Светлый фон

Конкин начал кашлять, в банке захлюпало, и Шура произнесла:

— Видите, воздух выходит. Больно? Очень хорошо. Это расправляется легкое. Еще больней будет, когда отсосом станем откачивать.

Исповедуя принцип: «Пациент должен знать, что с ним происходит», — добавила, что через два дня, когда плевральный мешок начнет прилегать, она не разрешит открыть рта, а сейчас — кашлять, кашлять и разговаривать.

Выходя в коридор, приказала уже обоим: разговаривая, не касаться плохих служебных дел.

— Поскольку нет хороших, — улыбнулся Сергей, — будем молчать.

— Как нет хороших?! — окрысился Конкин. — Эх, заправляй районом не вы, а ваша супруга! Вот бы с кем сработаться!

«Все-таки удивительное хамло, хоть и больной! — думал Голиков. — Да, час назад доходил от кислородного голода. Да, был багровый и синий. «Синюшный», по словам Шуры. Но зачем мне это вечное его уже спекулятивное амплуа прямака-разоблачителя?»

— Не нравится! — констатировал Конкин. — Прокакаете переселенцев, тогда понравится!

В банке булькало. Сергей сказал:

— Решили лечиться — для того и орете, пускаете бульбы.

Конкин не ответил. Он был на том же взнесенном к облакам гребне, на котором вчера проводил исполком. Нет, был выше. Днем, умирая, видел он лицо в лицо свою прошедшую жизнь — содрогнулся от пустячности сделанного. Много шумел он в той жизни, вечно лез на рожон, а добивался успехов лишь одного-другого колхоза.

Но теперь возникало принципиально новое, невиданное, огромное! Разве не реально — так же, как вчера в Кореновском, поднять дух марксизма во всем районе? Район взбудоражен переездом, мысли разбужены, и народ отзовется на боевой призыв, как отозвался вчера в Кореновке.

А почему не реально, что откликнутся переселенцы и других районов?

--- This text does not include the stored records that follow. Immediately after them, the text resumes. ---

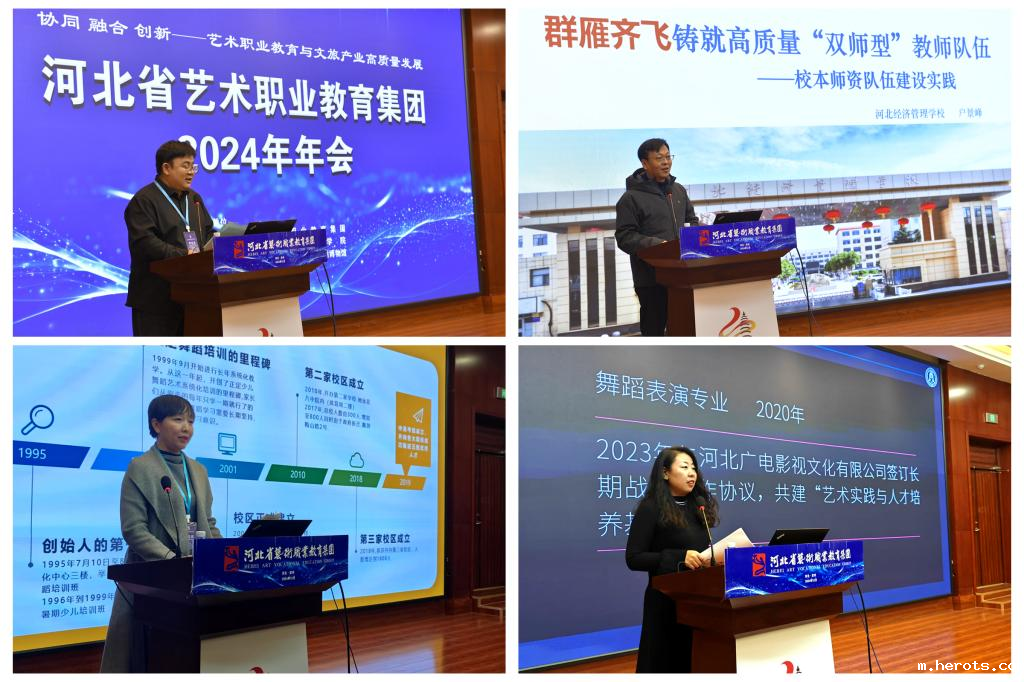 2024年12月31日上午,由河北省艺术职业教育集团主办,18luck快乐彩承办的河北省艺术职业教育集团2024年年会在定州市博物馆召开。省文化和旅游厅科技教育处处长王进军,河北演艺集团党委书记、董事长张雪燕,18luck快乐彩党委书记蒋国新、院长冯彦瑞等负责同志出席年会。定州市文化广电和旅游局党组书记、局长秦鹏出席年会并致欢迎词。集团内来自全省60余家文旅产业、艺术教育相关企事业单位和中高职院校的代表120余人参加年会。
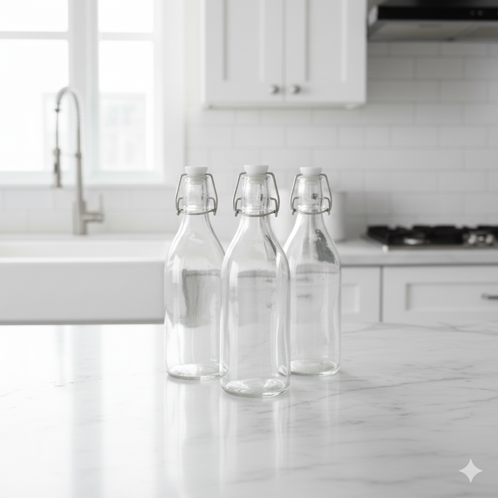 یکی از بهترین انتخاب ها برای نگهداری مواد غذایی ظروف شیشه ای هستند. شیشه ها به راحتی تمیز میشوند و به هیچ وجه با مواد غذایی واکنش نمیدهند. برای همین میتوان از سلامت آن اطمینان داشت. در انتخاب ظروف شیشه ای باید دقت کرد. چون در صورتی که شیشه از کیفیت بالایی برخوردار نباشد. ممکن است در صورت وارد شدن ضربه ای کوچک بشکند و علاوه بر خسارت شیشه مواد غذایی داخل آن هم غیر قابل استفاده شود. ببطری 3عددی کورکن ایکیا IKEA-KORKEN از سری کورکن ایکیا است. بطری آب ایکیا دارای یک درب شیشه ای با سیستم فقل جفت شونده دارند. بنابر این میتوانید اطمینان داشته باشید نوشیدنی هایتان از بطری بیرون نمیریزد. حتی اگر بطری خوابیده یا برعکس شود.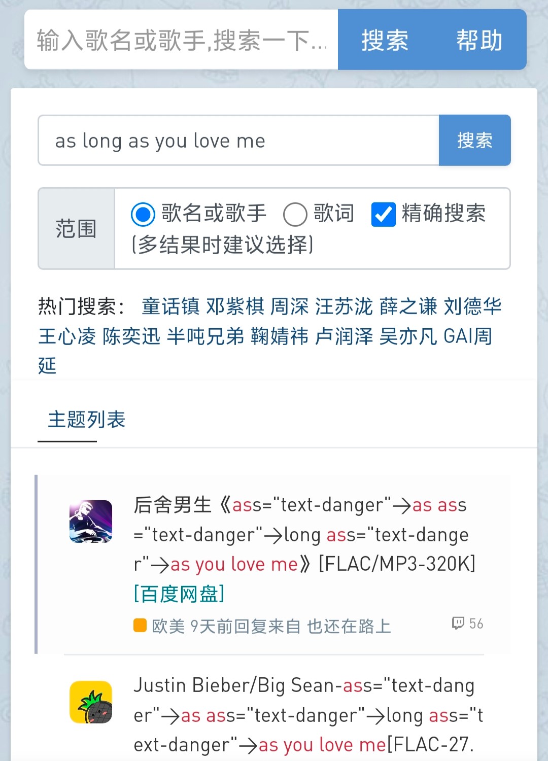 有人注意到吗,用英文歌名搜索,结果显示不准确,如下图。是输入法还是网站的问题啊?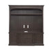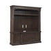 Make your home impressive with the Paradise Valley entertainment center. Crafted with Rubberwood solids and Split Heart White Oak veneers, this set features a Saddle Brown finish. The console showcases breakfront styling and has two full extension drawers and two doors with wood framed drawer and door fronts that are accented with bead molding and Antique Pewter drop bail and knob hardware. One adjustable shelf is located behind each door. The hutch features a heavy top crown, a planked back panel, and an adjustable/removable shelf. Touch LED lighting will illuminate your display. Wire management provisions are added to conceal wiring. Chamfered pilasters soften the entertainment center and flow to a heavy plinth base. Paradise Valley captures grand opulence with comfortable rustic styling.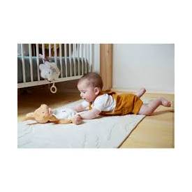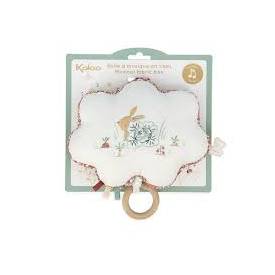 Kaloo, compañero de los primeros momentos presenta una gama de cojines musicales y marionetas. Las canciones infantiles acompañadas de gestos estimulan el lenguaje, la atención y la curiosidad, pero también el desarrollo motor de los más pequeños. Dé vida a la marioneta al son de la música para compartir un momento especial con el bebé. ¡Que empiece el descubrimiento! La caja de música de tela delicadamente estampada y bordada con la temática de "Un Conejito" es un elemento clave para el desarrollo del bebé. De hecho, si tira de la anilla del final de la cuerda, escuchará la canción infantil "Un Conejito" para que pueda cantársela al bebé. Su pequeño tamaño de 15 cm y su cinta permite llevarla y engancharla en cualquier lugar. La caja de música es resistente al agua, por lo que puedes lavar fácilmente el cojín a mano sin riesgo.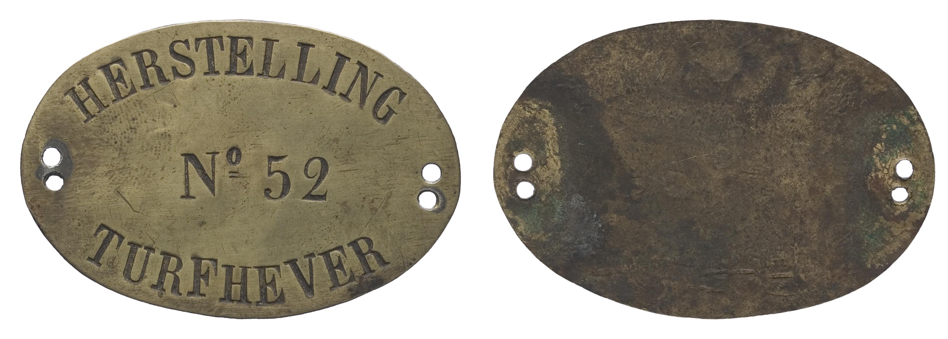 - opschrift voorzijde: HERSTELLING / Nº 52 / TURFHEVER

Главное же, кто сказал, что ЦК, что лично Сталин не одобряет инициативу Дона, не призовут всех к такой же марксистской активности?!

Конечно, реально и другое. Квалификация «вождизм» со всеми последствиями… Жаль толкать на это Голикова, но еще жальче спокойные непартийным спокойствием станицы. Он, Конкин, любит Голикова, потому всегда бросается на него, тренирует. И сейчас — благо отпустило удушье, уходит к черту через трубочку — будет бросаться.

Сергей же шел сюда мирно посидеть у постели, сказать ласковые слова, в которых — известно всем — больные нуждаются; передать яблоки, которые, не вынув, так и держал теперь под халатом. Была у Сергея и тайная мысль: услышать о себе приятное, заслуженное позавчера в том же Кореновском. Разве там, в клубе, когда фактически деморализованные, никого уж не признающие колхозники отвергли пустошь, решили голосовать за трижды проклятый хутор Подгорнов, не именно он, не Сергей, убедил отказаться от пагубного шага и продолжать поиски?! Он редко бывал доволен собою, но там, даже в минуты самой речи, гордился своими дипломатичными доводами, и в голове во время речи мелькало: как будет хвалить его Степан Конкин, изумляться его находчивости. Хам с дыркой в боку!